__Data extract__.
━━━━━━

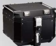
黑色鋁後箱42L | NT$.16,000
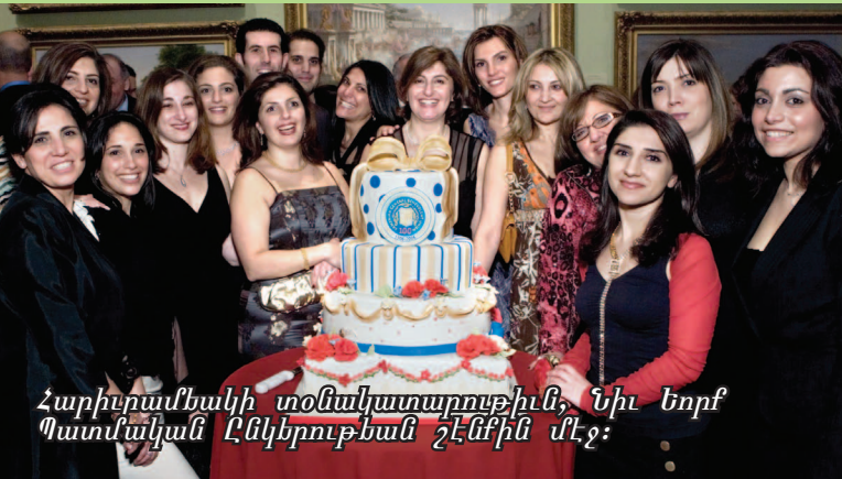
Հարիւրամեակի տօնակատարութիւն, Նիւ Եորք Պատմական Ընկերութեան շէնքին մէջ:

Հարիւրամեակի ուշագրաւ ձեռնարկներ տեղի ունեցան Միութեան ծննդավայր՝ Գահիրէի, Վերայի Պալատին, ինչպէս նաեւ Հայաստանի եւ Ղարաբաղի մէջ, ուր յորելիական հանդիսութիւններով վերջ գտան ՀԲԸՄի դարադարձի տօնակատարութիւնները:

━━━━━━

__Exercise directions__. Print the whole listing again exactly, please. No pictures.

__Response to this task__.
黑色鋁後箱42L | NT$.16,000
Հարիւրամեակի տօնակատարութիւն, Նիւ Եորք Պատմական Ընկերութեան շէնքին մէջ:

Հարիւրամեակի ուշագրաւ ձեռնարկներ տեղի ունեցան Միութեան ծննդավայր՝ Գահիրէի, Վերայի Պալատին, ինչպէս նաեւ Հայաստանի եւ Ղարաբաղի մէջ, ուր յորելիական հանդիսութիւններով վերջ գտան ՀԲԸՄի դարադարձի տօնակատարութիւնները:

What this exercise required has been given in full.